Okay gents, I need everyone's wisdom. I am looking to change my exhaust out soon and I want to hit the target in terms of sound, hopefully y'all can help. What I have is... 

-06 M6
-TSP v2 Cam
- Kooks LT's 
- catless mids
- SLP Loudmouth I's 

I have done the research and have arrived at Spintech. I like the chambered muffler design more than axial flow (SLP). I was also gonna throw in the pre-fabbed Magnaflow X pipe while at the exhaust shop. I was thinking the X pipe would help smooth the exhaust sound out a bit. 

As of now it sounds like a Harley almost, very harsh like a slap in the eardrums. I am looking for more of a bass heavy thud/rumble than a tool-bag's attention starved mating cry. 

My question is essentially this-

Would a larger Spintech muffler bring the great sound of a cammed LS2 down in volume (a little bit) but more importantly change the character of the sound to a more well rounded and easier to digest rumble? 

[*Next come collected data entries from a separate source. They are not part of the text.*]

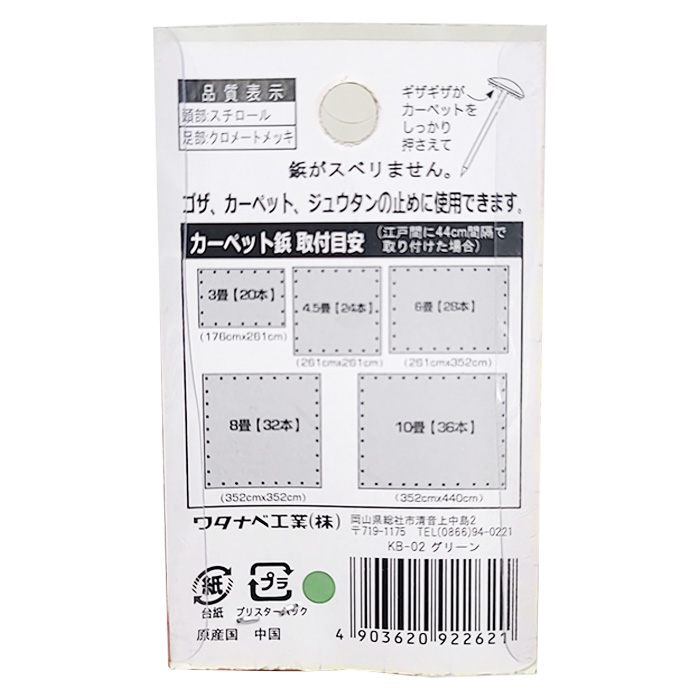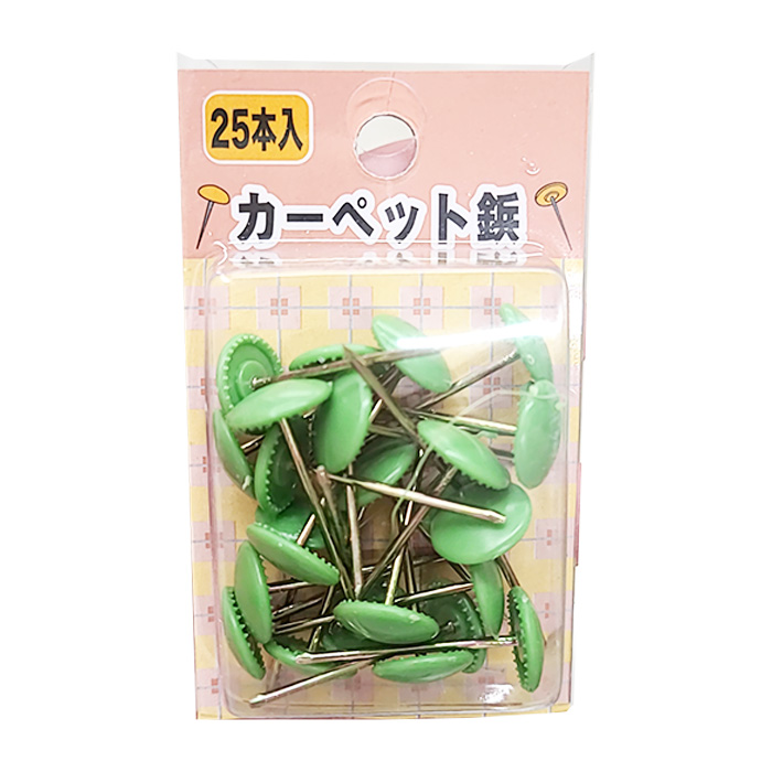 ゴザ、カーペット、ジュウタンの止めに使用できます。 ■素材 頭部:スチロール 足部:クロメートメッキ ※お使いのモニター環境により、画像の色が実物と異なって見える場合がございます。 カーペット鋲KB−02 25本入りグリーン 商品コード: 4903620922621 172円(税込) すぐ楽BOX不可 数量 すぐ楽BOX不可 カートに入れる お気に入りに追加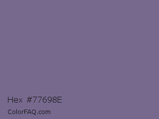 Hex #77698e Color is a normal violet color and the nearest color is Rum #796989. Hex code #77698e and RGB value is rgb(119,105,142). In RGB color space, this color is composed of 47% red, 41% green, 56% blue, In CMYK color space, this color is composed of 16% cyan, 26% magenta, 0% yellow , 44% black , In HSL color space, this color has a hue angle of 263° , 15% saturation and 48% lightness.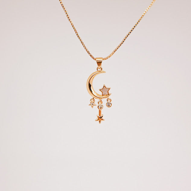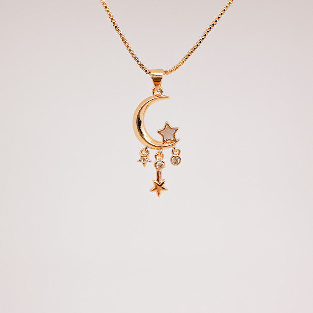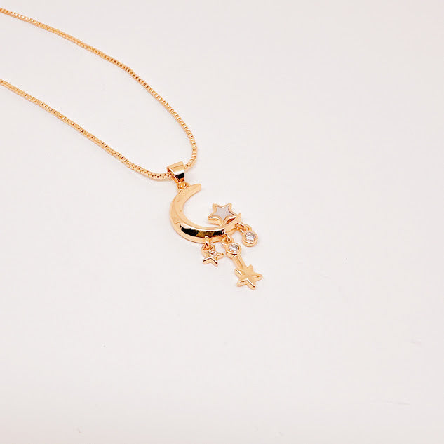Collar de acero inoxidable de color dorado con dije en forma de Luna adornado con pequeñas estrellas colgantes. Ideal para añadir un toque de mistico a tu atuendo diario.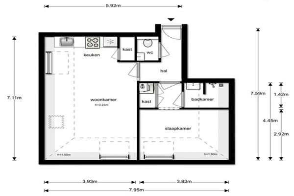 Entree, verzorgd gemeenschappelijk trappenhuis met de woningtoegangsdeur op de derde verdieping. Hal met toegang tot de woonkamer en het separate toilet met fontein. Ruime woonkamer met open keuken welke is voorzien van diverse inbouwapparatuur zoals een koelkast met vriesvak, 4-pits gaskookplaat, afzuigkap, combi oven/magnetron en vaatwasser. De slaapkamer is te bereiken vanuit de woonkamer en beschikt over een en-suite badkamer met inloopdouche en een wastafel met meubel. De slaapkamer beschikt over een ruime inbouwkast met de CV ketel, de wasmachine en droger.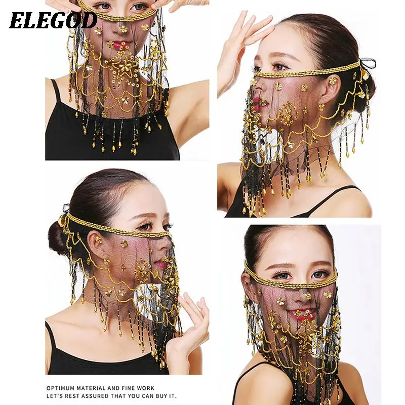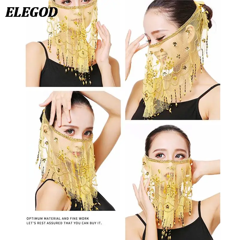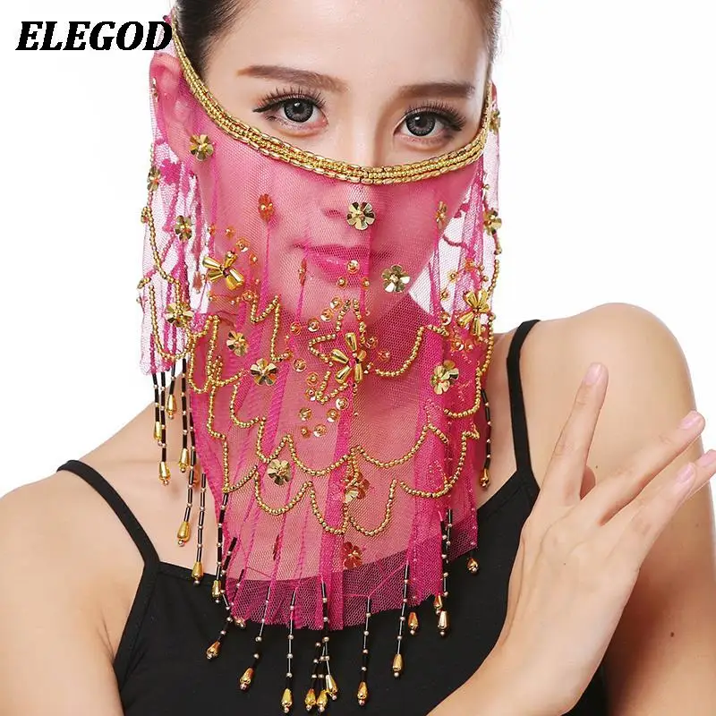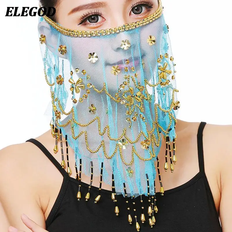 Voile facial de danse du ventre pour femmes, accessoires de costume de danse indienne, masque de mascarade Tribal à paillettes, écharpe enveloppante, masque à pompon |
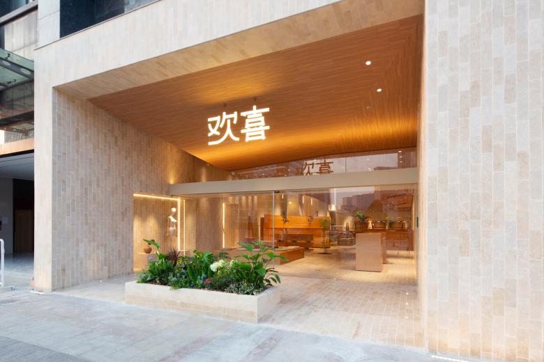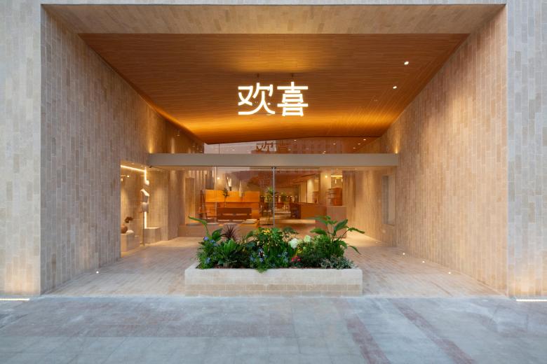 特意被切成小块的仿木纹冰火板在不同斜坡面以不同角度错缝贴,地面则以小块条形莱姆石顺应行进方向三七铺,在空间的节点处,下挖地面植入挑高的树种,自然景观的内置化与手工感材料施作的结合抵消了商业空间属性的直白,平添了几分闲暇的松弛。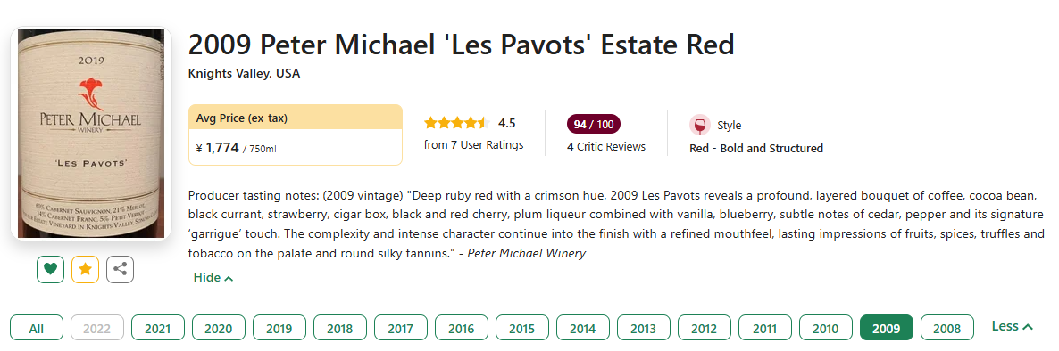 From RP:这款酒展现出独特的松露、巧克力、黑莓和黑加仑香气,口感丰满,具有上佳的浓郁度、纯净度和密度。这款非凡佳酿风格奔放,这点令人惊讶,因为大多数2009年采用波尔多品种酿制的北加州葡萄酒目前来说都有些严肃和封闭。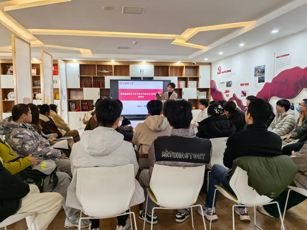 朱时兴老师从我国的能源现状与低碳转型的国家战略需求切入,阐明了煤炭清洁高效利用的紧迫性,并点明了超临界水气化制氢技术的关键应用价值。在研究展示环节,他将复杂的“多尺度”课题,清晰拆解为分子模拟、介观实验与宏观仿真等层层递进的环节,生动展现了“理论—实验—模拟”相结合的完整科研路径,使师生们领略到前沿研究严谨而清晰的逻辑魅力。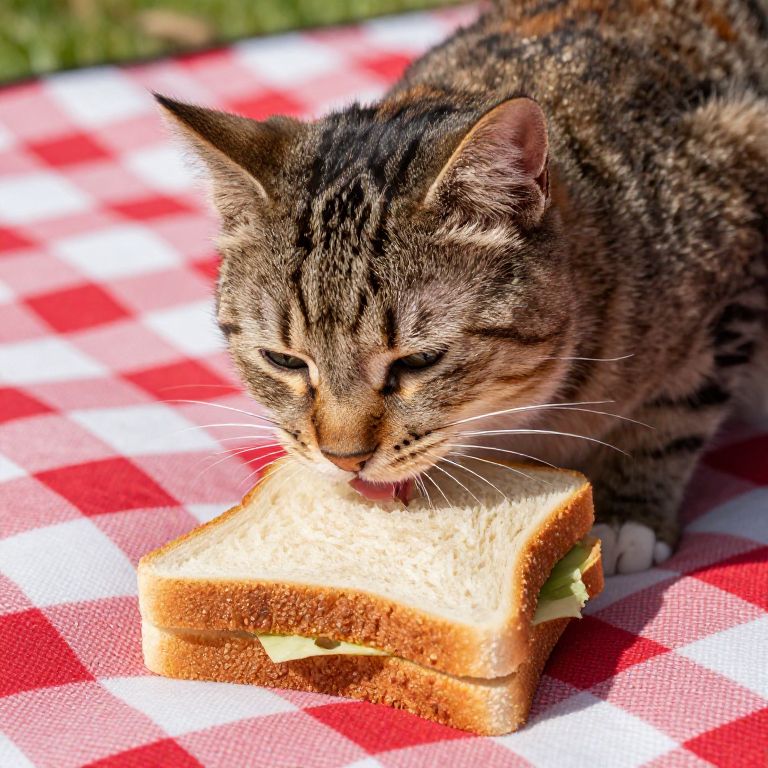 Cat Enjoying Picnic Sandwich

Mufflers I was thinking about: 
-Louder option: Pro Street
-More mellow option: Sportsman Street 

I am afraid of the work being done and it still being too "pull me over now" sounding instead of like a ballsy goat. Thanks in advance!


----------



## allen (Dec 22, 2013)

I have the pro street mufflers an the spin tech x pipe an I like them they sound really good to me I had flowmaster before an the sounded like crap!


----------



## svede1212 (Nov 1, 2005)

I had Spins for 6 years. I paired them with 4 different mufflers ahead of them as resonators to try to tame them and change the sound. They were very loud and harsh with a hint of whirring sound. For flow and low tone Magnaflow or Borla are the better choice IMHO.


----------